Alternative Specifications for Observance of Complete Weight Data at 24 Months Post-treatment Initiation

Panel (a) corresponds to the traditional, single mechanism approach to selection bias; panel (b) corresponds to one possible implementation of the proposed framework that acknowledges the complexity of EHR data.

Table 1.

Results from Logistic Regression Analyses Examining the Association Between Select Patient-Level Characteristics and Whether or Not a Patient Has Complete Weight Information at 24 Months

	SINGLE MECHANISM: WEIGHT DATA AT 24 MONTHS(N=8,631)			SUB-MECHANISM NO. 1: ACTIVE ENROLLMENT AT 24 MONTHS(N=8,631)			SUB-MECHANISM NO. 2: ENCOUNTER AT 24 MONTHS ±30 DAYS, GIVEN ENROLLMENT AT 24 MONTHS(N=6,570)			SUB-MECHANISM NO. 3: WEIGHT MEASURED AT 24 MONTHS ±30 DAYS, GIVEN AN ENCOUNTER AT 24 MONTHS ±30 DAYS(N=3,688)

	OR	95% CI	P	OR	95% CI	P	OR	95% CI	P-VALUE	OR	95% CI	P
Female	1.33	(1.19, 1.48)	<0.001	1.11	(0.99, 1.24)	0.070	1.30	(1.16, 1.45)	<0.001	1.20	(1.03, 1.40)	0.022
Age^*	1.16	(1.12, 1.21)	<0.001	1.41	(1.35, 1.46)	<0.001	1.10	(1.05, 1.14)	<0.001	0.97	(0.92, 1.03)	0.277
Antidepressant
Fluoxetine	1.00	REF	<0.001	1.00	REF	<0.001	1.00	REF	<0.001	1.00	REF	0.014
Buproprion	1.05	(0.89, 1.22)		1.01	(0.86, 1.19)		1.14	(0.97, 1.33)		0.92	(0.74, 1.15)
Mirtazapene	1.29	(0.68, 2.45)		0.94	(0.46, 1.93)		1.18	(0.59, 2.33)		1.54	(0.55, 4.31)
Paroxetine	1.09	(0.83, 1.42)		1.27	(0.95, 1.72)		1.19	(0.91, 1.55)		0.83	(0.58, 1.19)
SSRI	0.90	(0.78, 1.03)		0.87	(0.76, 1.00)		1.08	(0.95, 1.24)		0.79	(0.65, 0.95)
SARI	1.51	(1.26, 1.80)		1.36	(1.09, 1.69)		1.59	(1.32, 1.93)		1.09	(0.85, 1.39)
Tricyclics	1.80	(1.53, 2.11)		1.33	(1.09, 1.63)		1.93	(1.61, 2.32)		1.28	(1.01, 1.61)
Weight at baseline^*	1.05	(1.03, 1.07)	<0.001	1.02	(1.00, 1.04)	0.068	1.03	(1.01, 1.05)	0.003	1.05	(1.02, 1.08)	<0.001

Note

Age odds ratio is for a 10-year contrast; weight at baseline OR is for a 20 lb. contrast.
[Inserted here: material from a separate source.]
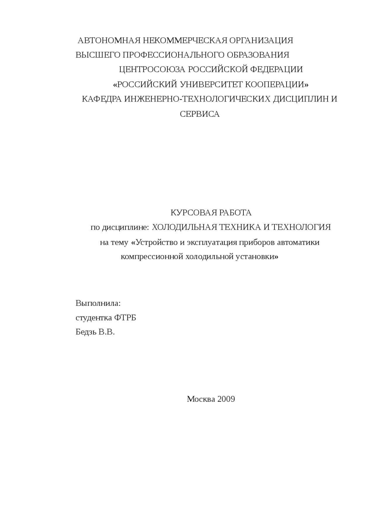 курсовая работа по предмету Производство и технологии на тему: Устройство и эксплуатация приборов автоматики компрессионной холодильной установки - понятие …
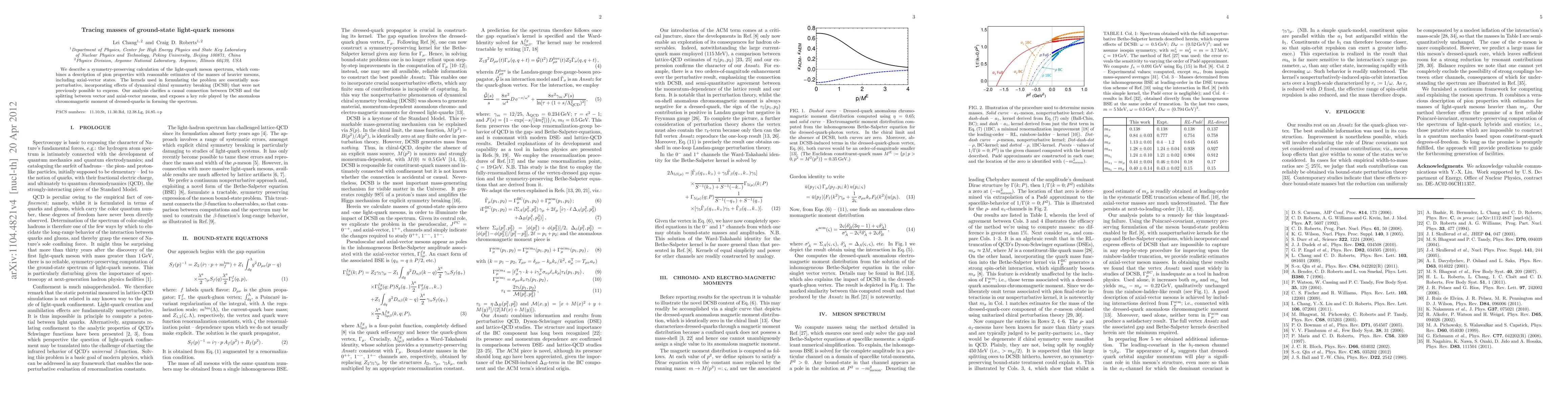 We describe a symmetry-preserving calculation of the meson spectrum, which combines a description of pion properties with reasonable estimates of the masses of heavier light-quark mesons, including axial-vector states. The kernels used in formulating the problem are essentially nonperturbative. They incorporate effects of dynamical chiral symmetry breaking (DCSB) that were not previously possible to express. Our analysis clarifies a causal connection between DCSB and the splitting between vector and axial-vector mesons, and exposes a key role played by the anomalous chromomagnetic moment of dressed-quarks in forming the spectrum.

OR = odds ratio; CI = confidence interval.

A General Framework

Overall, the preliminary evidence presented so far strongly suggests that a naïve (unadjusted) analysis of the relationship between treatment choice and 24-month weight change will suffer from selection bias. To resolve this one could use multiple imputation,30,31 inverse-probability weighting,32 or both.33 The validity of each of these approaches, however, hinges on the appropriateness of the single mechanism and decision strategy as an approach to evaluating assumptions and performing necessary adjustments. In the clinical contexts that EHRs represent, however, a single mechanism is unlikely to fully characterize the complex set of decisions— made by the patient, their health care provider, and the health care system—that give rise to complete data in the EHR. As such, use of a single mechanism, as illustrated in Figure 2(a), will be unrealistically simple. To resolve this we propose a new framework for addressing selection bias in EHR-based CER, one that acknowledges and integrates the complex set of decisions that give rise to complete data. In the following we provide a detailed discussion of each aspect of the framework; Figure 3 provides an overview of the framework in the form of a process flow.

Figure 3.

Process Flow Representation of the Proposed Framework for Selection Bias in EHR-Based Studies That Can Be Used in Conjunction with

Consideration of the “Ideal” Study

Central to the proposed framework are two key principles. The first is that researchers initially specify the structure of the data that would have been collected had they had the opportunity to conduct an “ideal” study.34,35 This specification will depend primarily on the scientific goals of the study, which will, in turn, determine which specific covariates are needed as well as their timing. In the antidepressants study, given the primary interest in weight change at 24 months, such a data structure would at a minimum include weight at baseline and at 24 months. If the primary interest lay with understanding a patient’s trajectory over the first 24 months following treatment initiation, the ideal data structure would additionally include intermediary weight measurements, the timing of which would depend on the desired level of granularity. Beyond outcome information, the data structure for the ideal study would also include covariates necessary for the implementation of inclusion/exclusion criteria, covariates relevant to characterizing treatment choice, and potential confounders and effect modifiers. Practically, specification of this structure could be approached much in the same way that researchers approach detailing data collection strategies in grant proposals.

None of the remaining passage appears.